[Zope3-dev] i18n, unicode, and the underline

Guido van Rossum guido@python.org
Mon, 14 Apr 2003 08:09:38 -0400


> Guido van Rossum wrote:
> > So I don't see how an application could get away with using "..." 
> > containing non-ASCII text at all -- it would fail as soon as the
> > literal was being output.

[Martijn]
> Note that in Zope 2 (at least until 2.6 which is a bit better) this
> can lead to obscure unicode errors occuring in unexpected places,
> dependent on user input and so on.

I've heard this before, and it seems to be the main reason why Zope 3
has chosen an (IMO unnecessary) anal attitude towards Unicode.  But
nobody has ever been able to show me what the problems were.  (I'm not
doubting there were problems; I just need more details to understand
what was the matter.)

I'd like to see at least one report of an actual case, because there
are a few different ways that Unicode can cause errors.
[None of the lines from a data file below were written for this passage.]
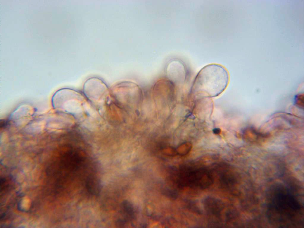 Basándome en la ausencia de pleurocistidios y en la reacción dextrinoide de las esporas, es por lo que he considerado a Galerina como género. De Galerinas ya he pasado algunas por el micro y lo que no me cuadra en este caso es la morfología de los queilocistidios. No conozco ninguna que presente algo parecido, aunque no digo que no la haya.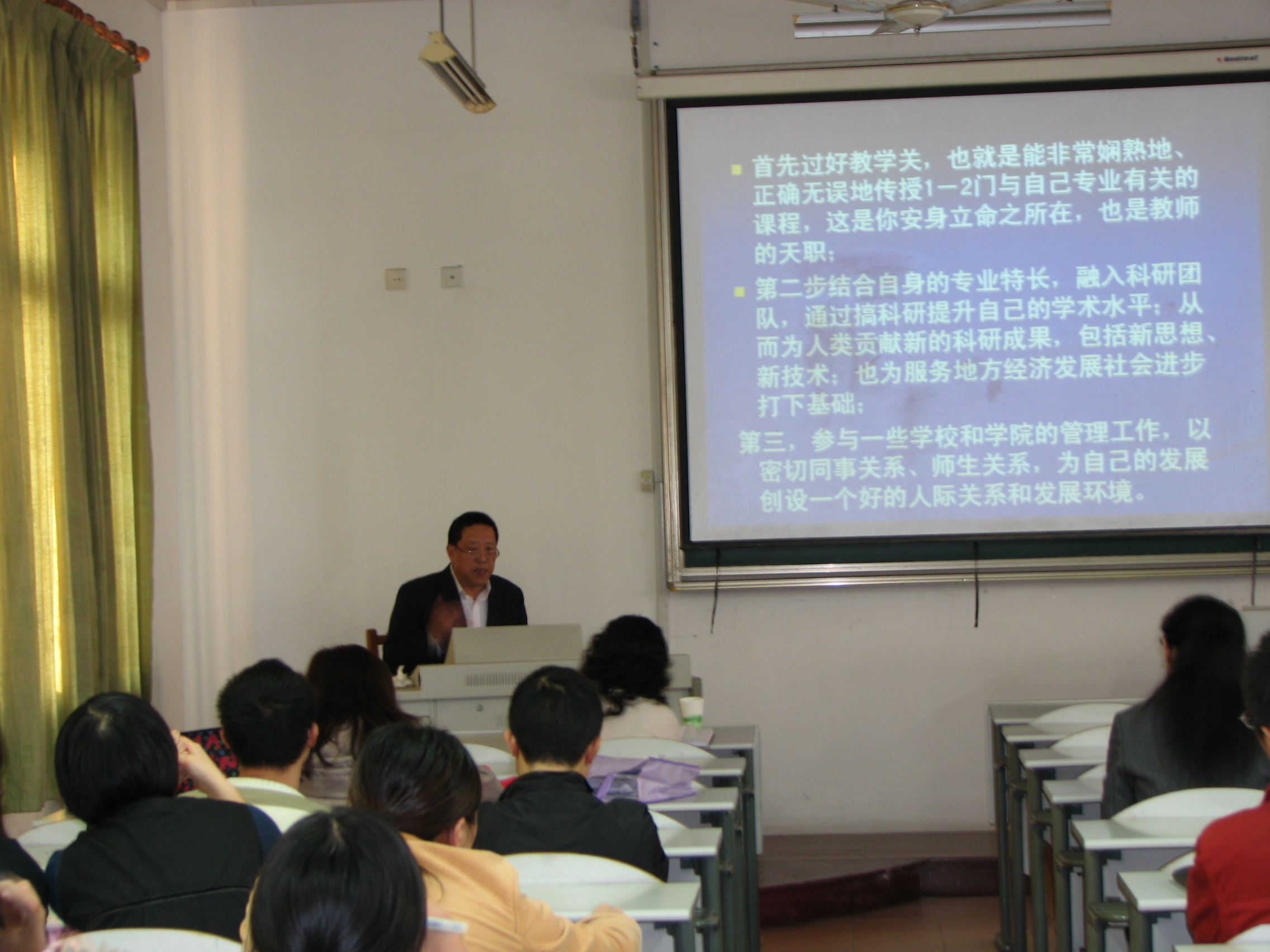 讲座中,夏书记结合青年教师的实际,做了细致的分析,分别从青年教师的职业定位;青年教师正确定位对自身的意义以及正确处理自身发展与学校发展的关系几个方面进行了深入的剖析和讲解。并对青年教师提出了三种追求:教学工作出色、科研搞得好、管理工作搞得好几个方面。另外,夏书记对青年教师的期望很高,同时教会大家“备”课而不是“背”课。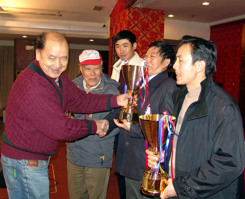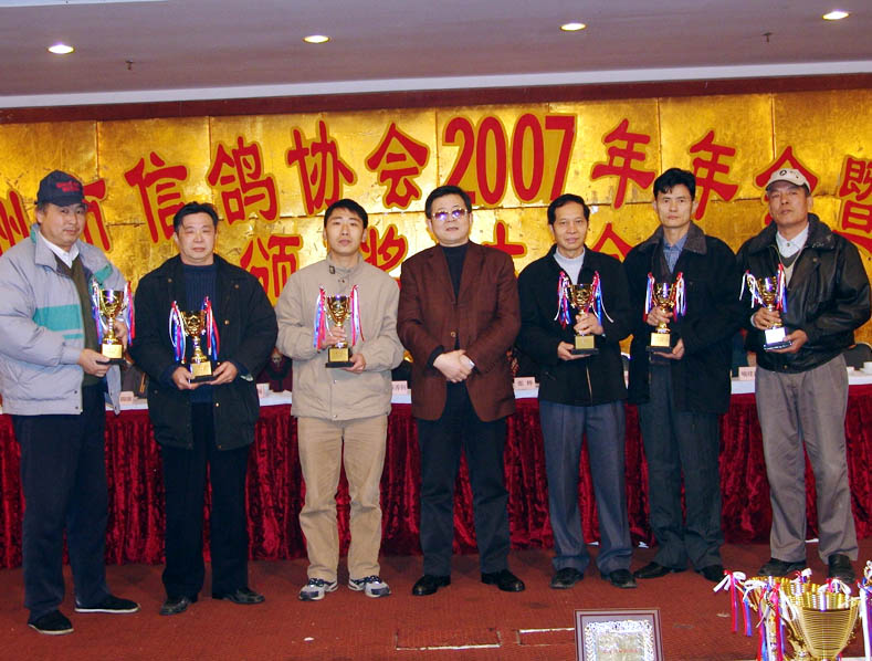 省鸽协副主席陈善钊(左四)为获得广州第一届CEGDF鸽王赛的8名“鸽王”颁发精美的水晶奖杯,这是广州市首次有文字记载、由官方举办,且组织严密、难度较大的一次比赛,当时有199只选手鸽参与角逐,最后只有8只戴上了“鸽王”这顶桂冠:林建喜(冠军)、李文民(2、6名)、杨 乔(3名)、李良浩(4)名、卫剑辉(5名)、浩和(7名)、成根林(8名)。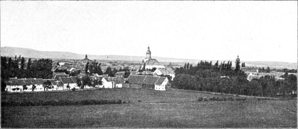 In sanfter Abdachung gegen die Saale endet hier die Querfurter Platte (Thüringische[S. 16] Grenzplatte), deren Muschelkalk meist von Tertiärschichten oder Diluvialgebilden bedeckt ist und außer dem westlichen der Unstrut zugewandten Steilrande nur bei Mücheln und Branderoda zu Tage tritt. Die flach gebuchteten Thäler der Laucha und Geisel sind hier am dichtesten mit Siedelungen besetzt, und in beide Thäler führen jetzt Eisenbahnen. Dort sind Lauchstädt (2100 Einw.) und Schafstädt (2800 Einw.), hier Mücheln (1600 Einw.) die einzigen Städte. Lauchstädt hat eine seit 1710 gefaßte erdig-salinische Eisenquelle (11° C.) und war früher Sommerresidenz der Herzöge von Sachsen-Merseburg. Während seiner höchsten Blütezeit war es oft Sommeraufenthalt von Karl August von Weimar und Goethe, die auch den Vorstellungen der weimarischen Schauspielergesellschaft auf der kleinen Bühne (Abb. 9) beiwohnten. Hier ging zuerst in Anwesenheit Schillers am 19. März 1803 die »Braut von Messina« über die Bretter, deren Proben Goethe geleitet hatte. Südlich des Geiselthales erhebt sich der 159 m hohe Janushügel bei dem Dorfe Roßbach, wo 1757 Friedrich der Große die Franzosen schlug.
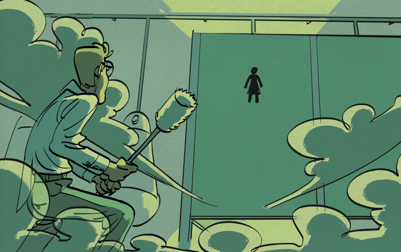 — Tiens, me dit-elle en pointant du doigt une porte munie d’un hiéroglyphe abscons. Au boulot stagiaire ! Montre-nous qu’un homme peut accomplir un véritable boulot de femme !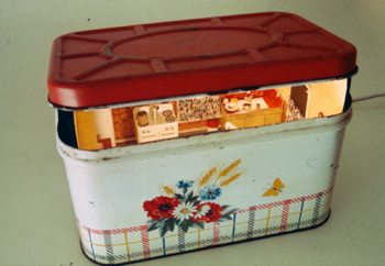 Alternative Universe: Helen Cohen's 'Red Cover Bread Box, Vintage 1940' (1996) features a miniaturized kitchen set inside a tin container.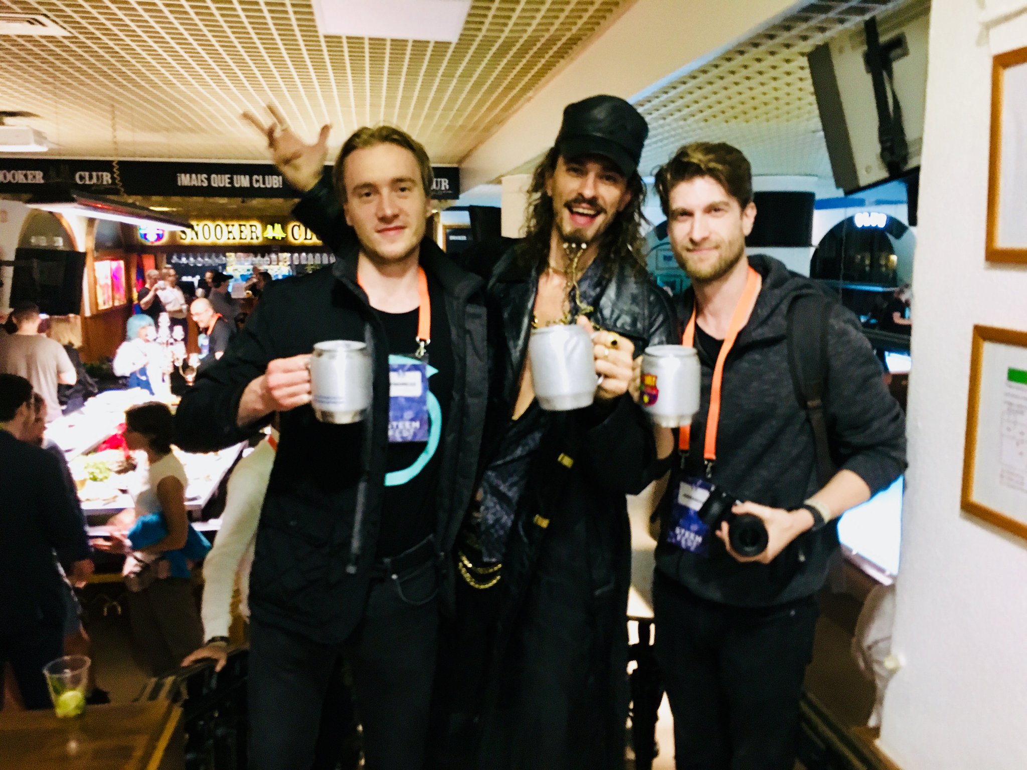 At SteemFest day after party at the Snooker club drinking draft brew in huge frozen metal mugs with @andrarchy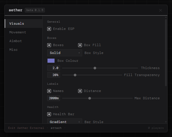 Aether External is a lightweight Roblox external focused on stability and clean functionality.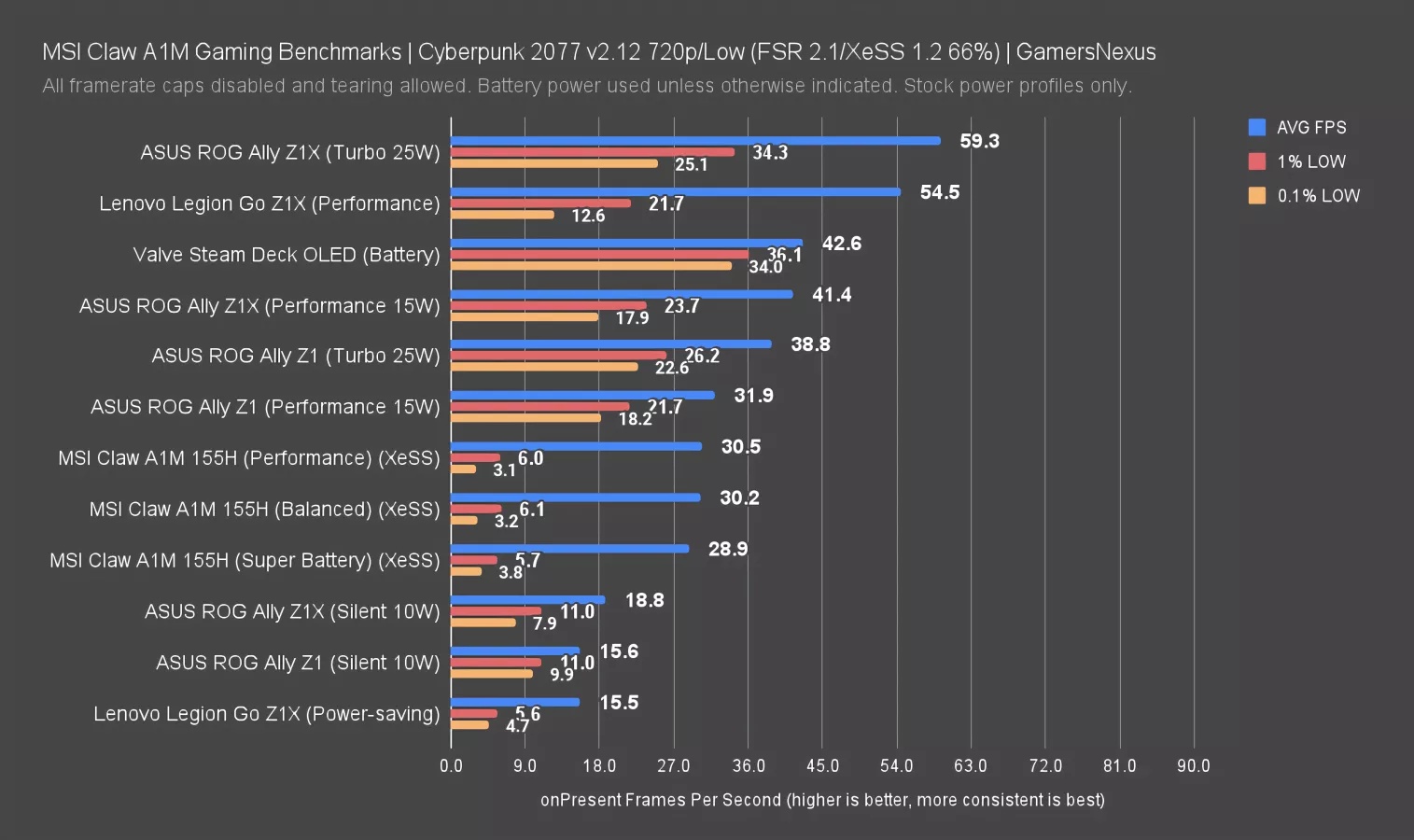 Just look at those 1% & 0.1% framerates of the MSI Claw, which is powered by Intel’s latest & greatest “Core Ultra” chips, against the Steam Deck using an old-gen AMD APU (Zen2 + RDNA2):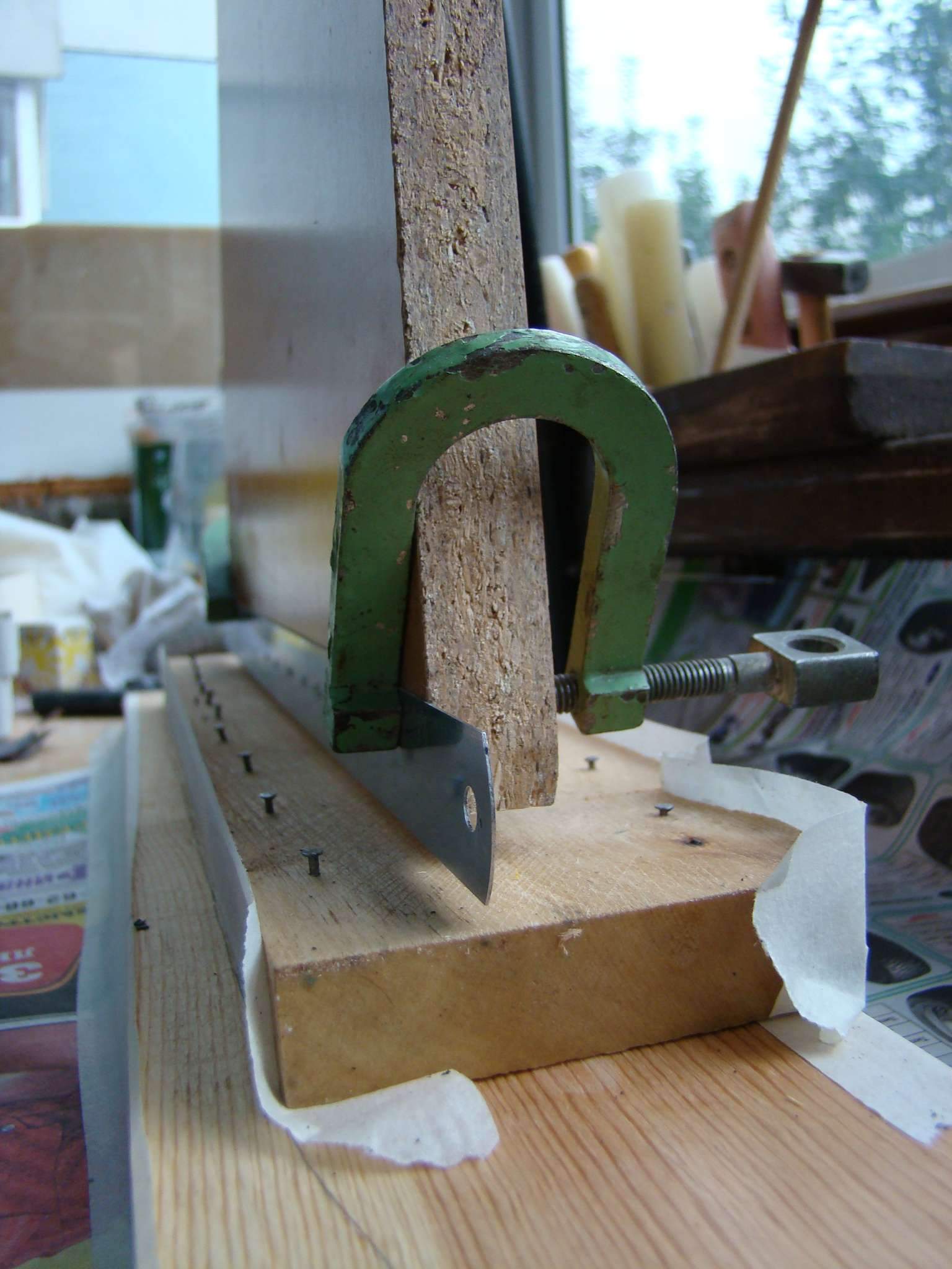 суть приспособы такова - на жёстко закреплённой оси подвешивается доска нужного размера. она должна качаться как качели. кромка доски должна быть ровной, гладкой, тонкой. я в качестве такой кромки использовал линейку на струбцинах прикреплёную к доске.

One way to get Unicode problems is non-ASCII in 8-bit text that should
have been converted to Unicode (which means that the encoding must be
known).

Another way to get Unicode problems is that Unicode somehow got mixed
in with ASCII and the ASCII got promoted to Unicode, after which point
the I/O library can't deal with it (e.g. you can't write a Unicode
string to a file or socket).

Which was it?

> I now know how python's unicode system works, but most Python
> developers really don't, in my experience.

That (i.e. understanding) seems to be the core problem.  Maybe it
helps to explain that instead of thinking about 8-bit strings
vs. Unicode strings, it helps to think of THREE categories.  These
are:

1) ASCII.  This is always safe, and there's no gain or loss in using
   Unicode literals.  E.g. sys.stdout.write(u"abc") works just fine,
   and "abc"==u"abc", and you can even mix Unicode and 8-bit as dict
   keys: d={"8":8, u"u":16}; print d[u"8"], d["u"].

2) 8-bit strings containing some *encoded* form of not-just-ASCII text
   (even Latin-1 is an encoding).  These are nasty.  They can be moved
   around as 8-bit strings, but since Python doesn't know which
   encoding is used, they can't be mixed with Unicode in any way.  You
   may even get a problem when a dict contains a key of this kind when
   doing an unrelated Unicode key lookup!

3) True Unicode strings (containing not-just-ASCII text).  Ignoring 16
   vs. 32 bits issues, these are not encoded.  They have the reverse
   problem as 8-bit strings: the I/O library doesn't know how to deal
   with these!

> The bugs are nasty to track down and don't encourage developer
> enlightenment either - the response is "oh, one of these unicode
> weird errors again", without understanding what the right approach
> should be.

That's why I'd like to see some samples of these, rather than blanket
reports.

> Now in Zope 3 this unicode confusion may not take place as Zope 3 is
> unicode in the core, and input and output are frequently
> automatically translated. If confusion is indeed less, using ascii
> literals may be easy to explain. But if it would lead to anything
> like the Zope 2.x situation, where non-ascii user input can cause
> the system to complain at unexpected code paths, then let's please
> remain hard-line (even to the point of silliness) about unicode.
> 
> It's far easier to explain "use unicode everywhere" than to explain
> the other alternatives.

So I've noticed, and that leads to the (in my eyes) abomination of
u"..."  literals containing ASCII strings.  We need to stamp out this
misunderstanding!!!

--Guido van Rossum (home page: http://www.python.org/~guido/)